Records shown:
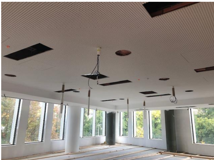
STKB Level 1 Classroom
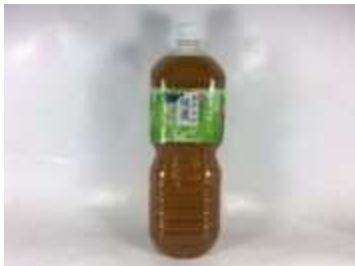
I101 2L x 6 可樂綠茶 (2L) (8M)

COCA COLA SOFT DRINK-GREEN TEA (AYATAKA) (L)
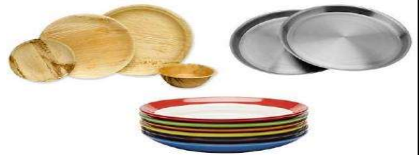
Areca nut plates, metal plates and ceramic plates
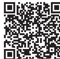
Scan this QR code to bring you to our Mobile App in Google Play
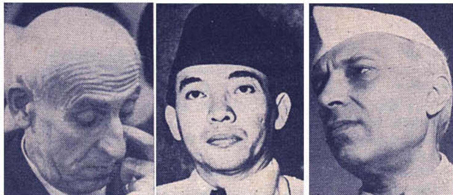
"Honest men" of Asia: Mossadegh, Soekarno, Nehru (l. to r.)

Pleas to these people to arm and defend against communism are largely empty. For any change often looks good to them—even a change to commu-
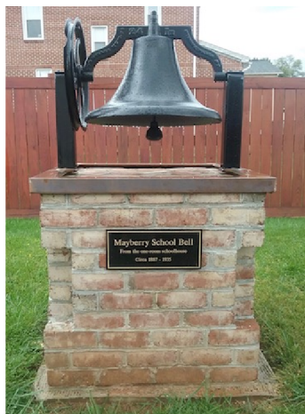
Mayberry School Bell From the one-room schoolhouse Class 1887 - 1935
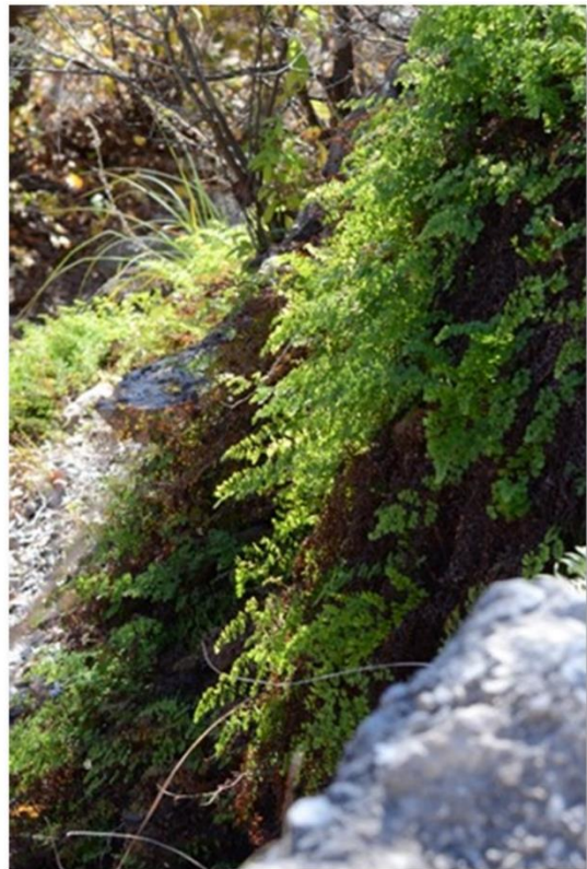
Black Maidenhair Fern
...
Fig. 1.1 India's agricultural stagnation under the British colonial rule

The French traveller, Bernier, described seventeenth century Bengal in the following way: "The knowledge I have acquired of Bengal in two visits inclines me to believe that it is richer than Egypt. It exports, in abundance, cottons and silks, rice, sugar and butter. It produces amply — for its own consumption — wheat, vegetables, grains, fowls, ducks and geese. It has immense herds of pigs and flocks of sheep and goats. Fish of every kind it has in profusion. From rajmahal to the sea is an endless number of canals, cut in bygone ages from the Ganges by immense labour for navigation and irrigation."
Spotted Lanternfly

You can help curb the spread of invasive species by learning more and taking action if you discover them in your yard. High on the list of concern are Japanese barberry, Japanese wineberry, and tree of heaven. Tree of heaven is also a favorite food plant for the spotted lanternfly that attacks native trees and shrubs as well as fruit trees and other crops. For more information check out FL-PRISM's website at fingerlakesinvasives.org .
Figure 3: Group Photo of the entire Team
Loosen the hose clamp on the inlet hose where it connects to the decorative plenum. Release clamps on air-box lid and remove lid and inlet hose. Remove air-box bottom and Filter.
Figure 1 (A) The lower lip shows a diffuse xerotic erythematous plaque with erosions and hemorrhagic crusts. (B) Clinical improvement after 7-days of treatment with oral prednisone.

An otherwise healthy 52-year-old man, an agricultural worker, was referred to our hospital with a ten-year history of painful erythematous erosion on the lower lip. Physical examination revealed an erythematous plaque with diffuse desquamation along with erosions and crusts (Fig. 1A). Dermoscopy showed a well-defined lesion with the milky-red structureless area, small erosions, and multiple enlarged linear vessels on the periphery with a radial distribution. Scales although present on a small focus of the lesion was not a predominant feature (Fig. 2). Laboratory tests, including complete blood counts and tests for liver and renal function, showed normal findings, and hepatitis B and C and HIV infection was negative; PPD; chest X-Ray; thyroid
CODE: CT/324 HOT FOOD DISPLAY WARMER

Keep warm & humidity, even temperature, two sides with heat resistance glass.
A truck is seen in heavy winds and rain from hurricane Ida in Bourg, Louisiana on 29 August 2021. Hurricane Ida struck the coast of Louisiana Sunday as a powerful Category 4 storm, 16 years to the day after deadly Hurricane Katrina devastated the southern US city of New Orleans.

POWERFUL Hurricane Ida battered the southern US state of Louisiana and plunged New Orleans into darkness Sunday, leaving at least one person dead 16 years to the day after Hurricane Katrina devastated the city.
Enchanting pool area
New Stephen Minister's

What is being asked: Nothing but the lines above, starting at the line that contains "STKB Level 1 Classroom" and ending at the line that contains "Pleas to these", should be given again, exactly and without the pictures.

Task output:
STKB Level 1 Classroom
I101 2L x 6 可樂綠茶 (2L) (8M)

COCA COLA SOFT DRINK-GREEN TEA (AYATAKA) (L)
Areca nut plates, metal plates and ceramic plates
Scan this QR code to bring you to our Mobile App in Google Play
"Honest men" of Asia: Mossadegh, Soekarno, Nehru (l. to r.)

Pleas to these people to arm and defend against communism are largely empty. For any change often looks good to them—even a change to commu-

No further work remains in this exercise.